**TASK DIRECTIONS**
Produce an exact transcription of the listing below, omitting the pictures.

**SUPPLIED INFORMATION**

____

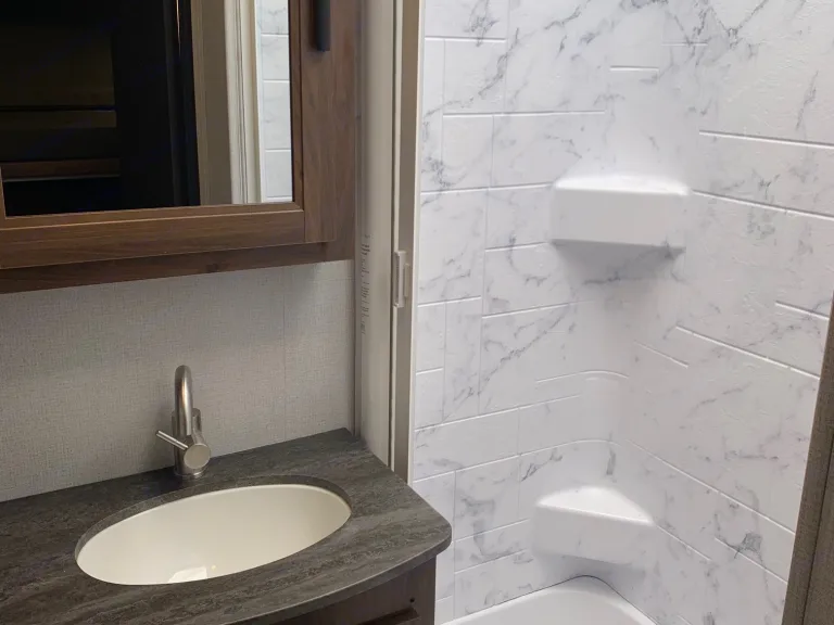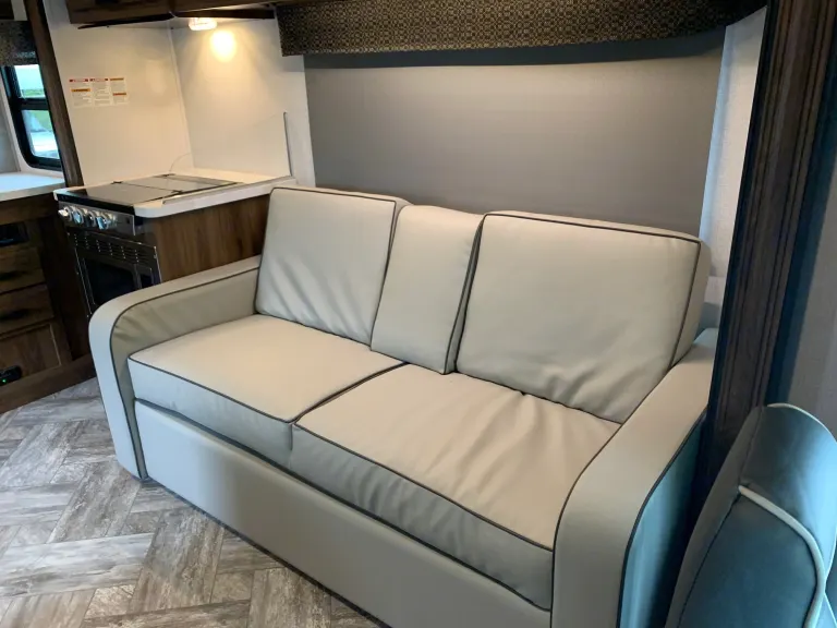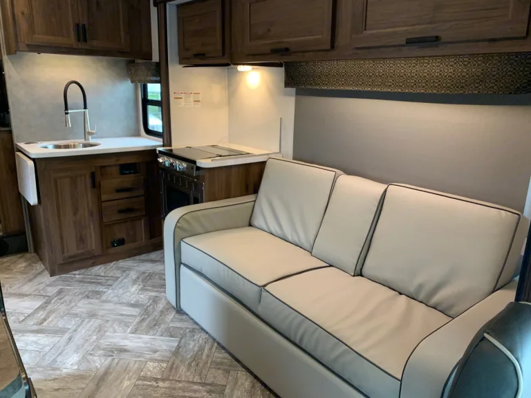 The 3250Dsle is a bunkhouse model. There's a 28" x 72" flip-down bunk above with a kids' sofa sleeper that folds out to a bed below. The adults can enjoy their own sleeping area in the rear. The bathroom offers a 24" x 32" shower with tub, along with linen storage. The kitchen is set up to maximize space, while a booth dinette and sofa provide additional seating and sleeping areas. In front, a 60" x 80" cab over bunk gives you even more space! Built on the Ford E450 Chassis.
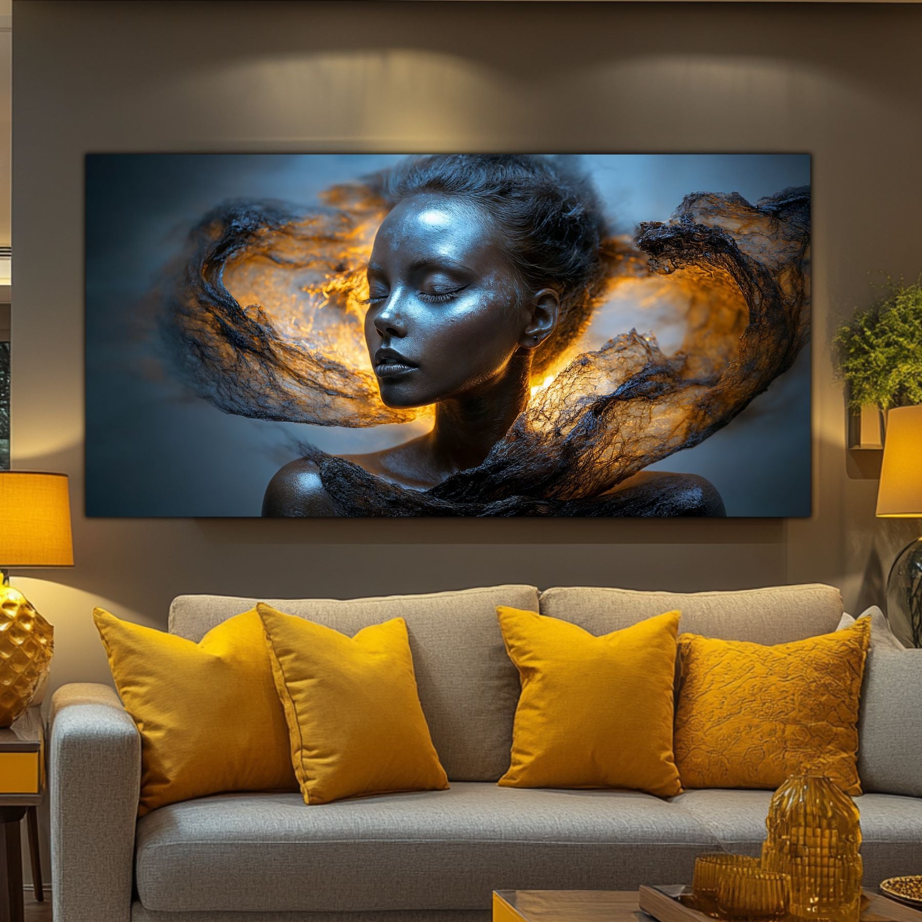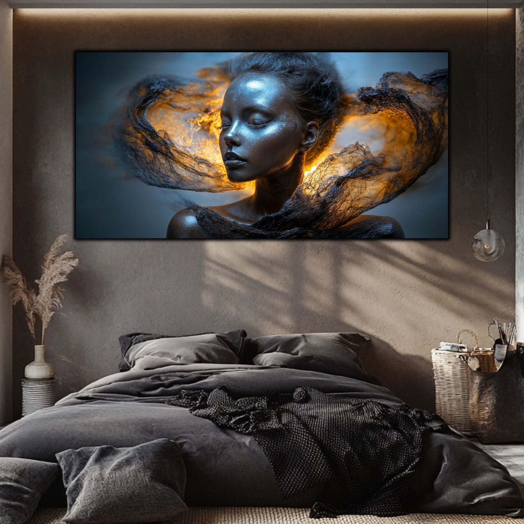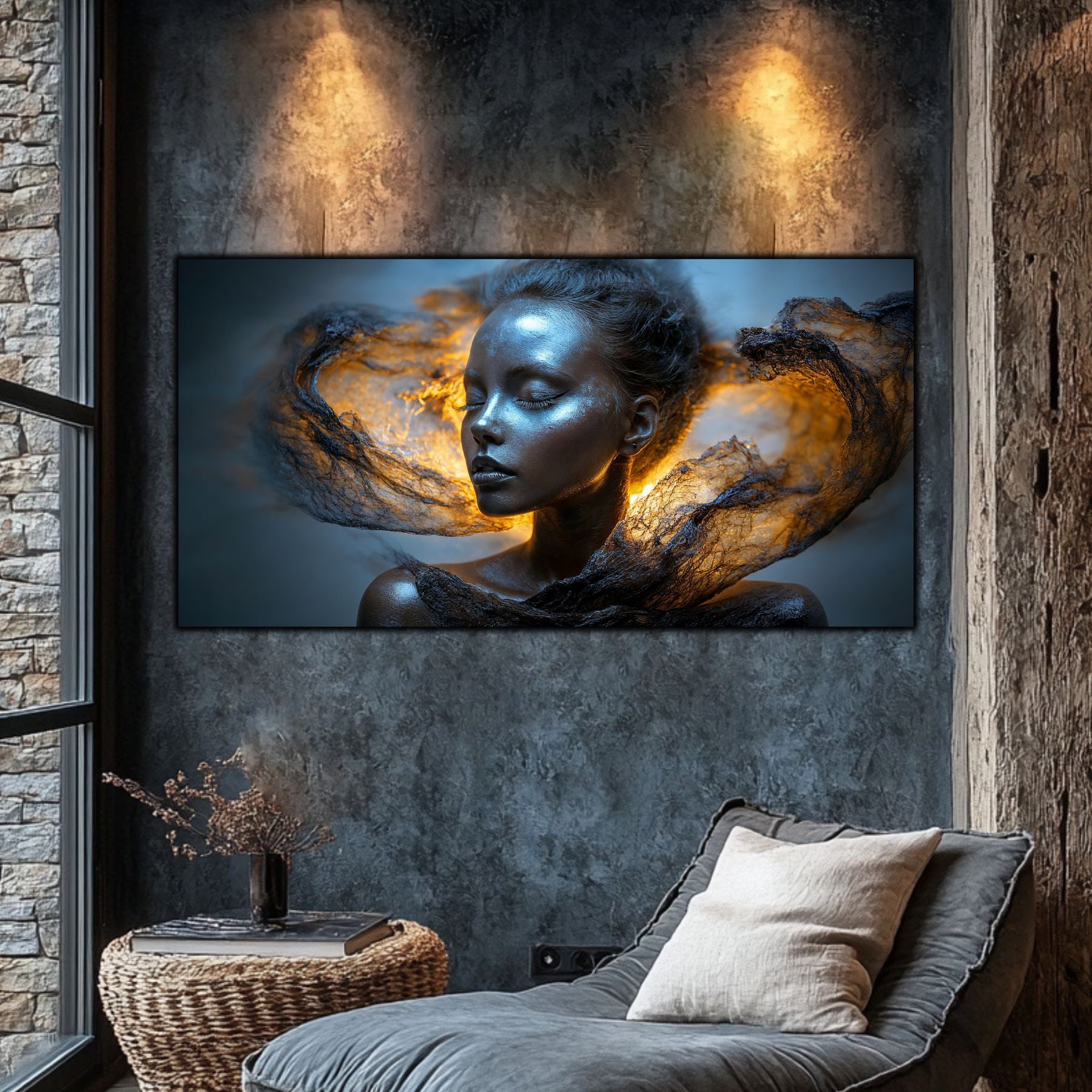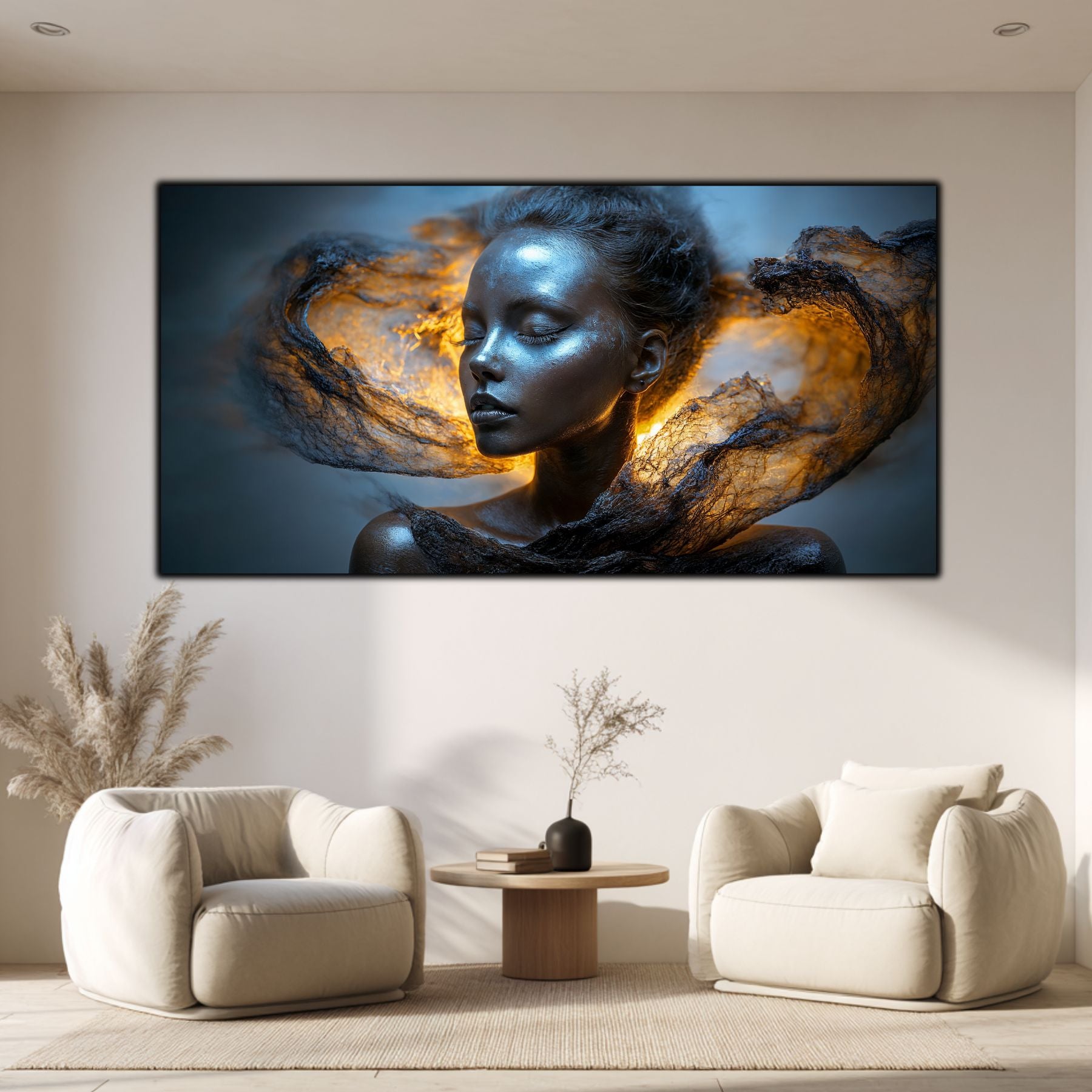 Imaginile prezentate sunt randari digitale realizate pentru a evidentia frumusetea tablourilor. Ele nu respecta proportiile reale in raport cu spatiul, fiind doar o interpretare artistica a modului in care acestea ar putea fi integrate intr-un decor. Va invit sa le „probati” mental pe peretii casei voastre si sa descoperiti cum isi gasesc locul in realitate.
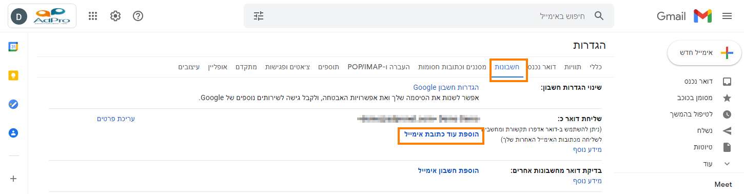 הוסף את חשבון הדואר האלקטרוני לממשק Gmail
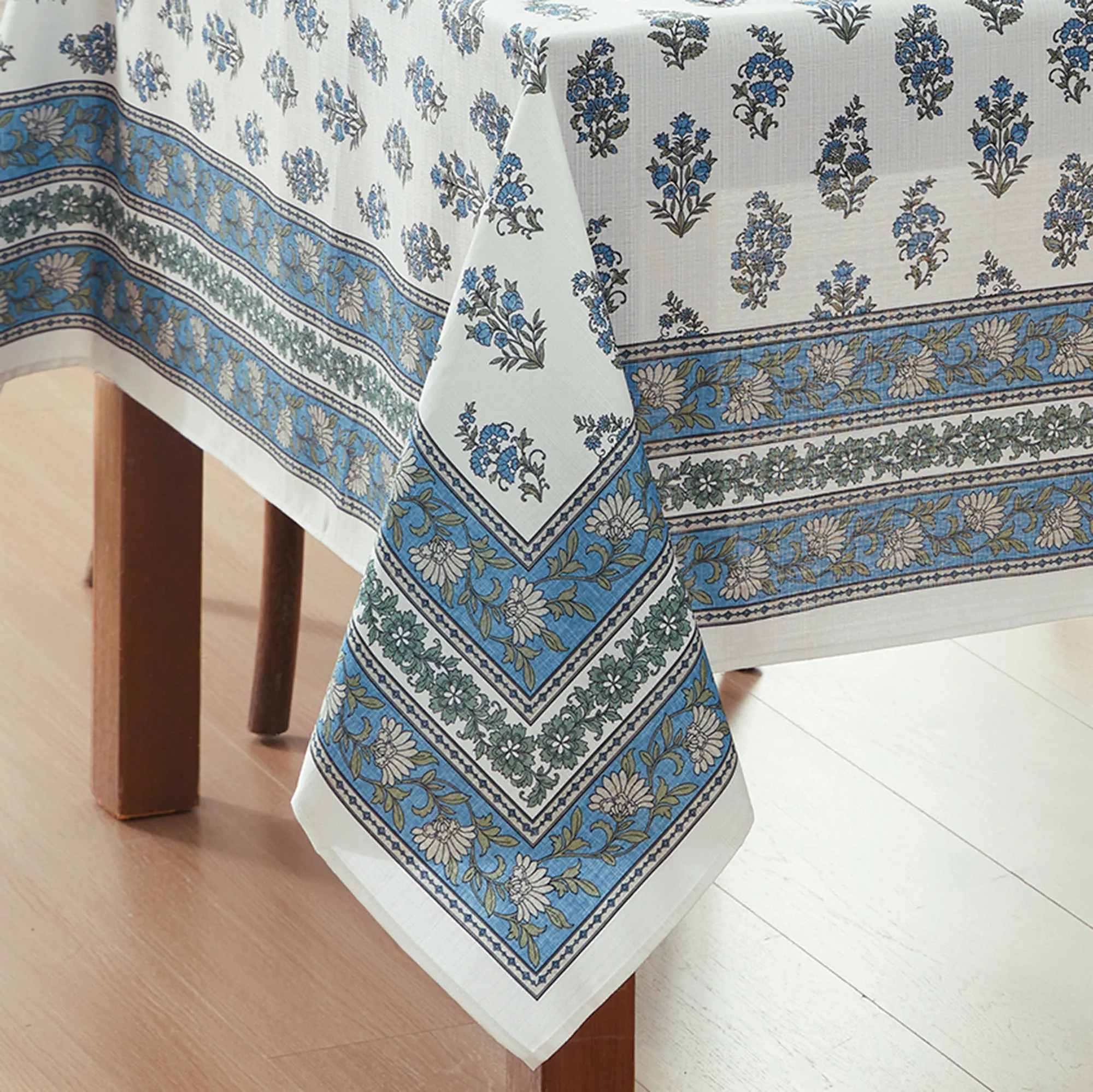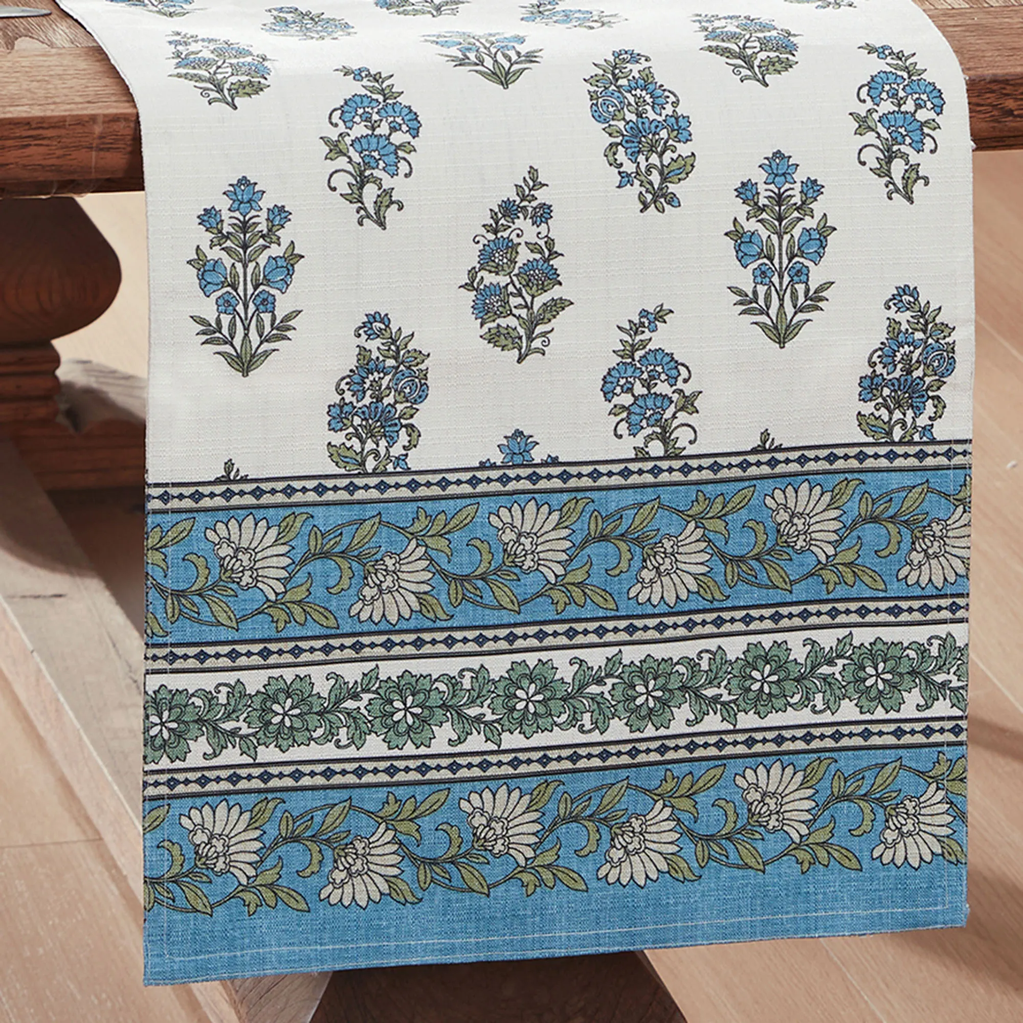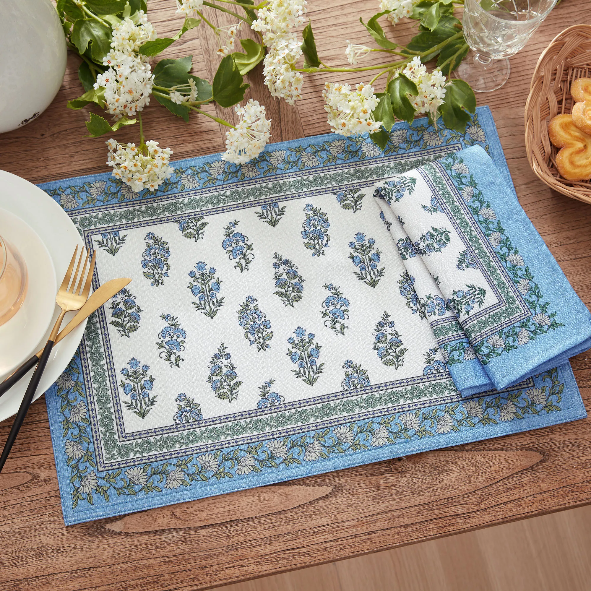 The Classic Tropez Table Linens dress your table in crisp hues of blue, green, and white. Perfect for dining indoors, on a covered porch, or in an enclosed patio, the polyester table accessories feature charming timeless floral sprigs on white surrounded by ornate flowering vine borders. Stain and water resistance makes the tailored table designs a durable dining choice. Choose Round Tablecloth, Rectangle Tablecloth, Table Runner, Placemat Set of 4, or Napkin Set of 4. Table Runner has bordered ends. Placemats reverse to a solid color. Machine washable. Imported.

____

**SOLVED EXERCISE**
 The 3250Dsle is a bunkhouse model. There's a 28" x 72" flip-down bunk above with a kids' sofa sleeper that folds out to a bed below. The adults can enjoy their own sleeping area in the rear. The bathroom offers a 24" x 32" shower with tub, along with linen storage. The kitchen is set up to maximize space, while a booth dinette and sofa provide additional seating and sleeping areas. In front, a 60" x 80" cab over bunk gives you even more space! Built on the Ford E450 Chassis.
 Imaginile prezentate sunt randari digitale realizate pentru a evidentia frumusetea tablourilor. Ele nu respecta proportiile reale in raport cu spatiul, fiind doar o interpretare artistica a modului in care acestea ar putea fi integrate intr-un decor. Va invit sa le „probati” mental pe peretii casei voastre si sa descoperiti cum isi gasesc locul in realitate.
 הוסף את חשבון הדואר האלקטרוני לממשק Gmail
 The Classic Tropez Table Linens dress your table in crisp hues of blue, green, and white. Perfect for dining indoors, on a covered porch, or in an enclosed patio, the polyester table accessories feature charming timeless floral sprigs on white surrounded by ornate flowering vine borders. Stain and water resistance makes the tailored table designs a durable dining choice. Choose Round Tablecloth, Rectangle Tablecloth, Table Runner, Placemat Set of 4, or Napkin Set of 4. Table Runner has bordered ends. Placemats reverse to a solid color. Machine washable. Imported.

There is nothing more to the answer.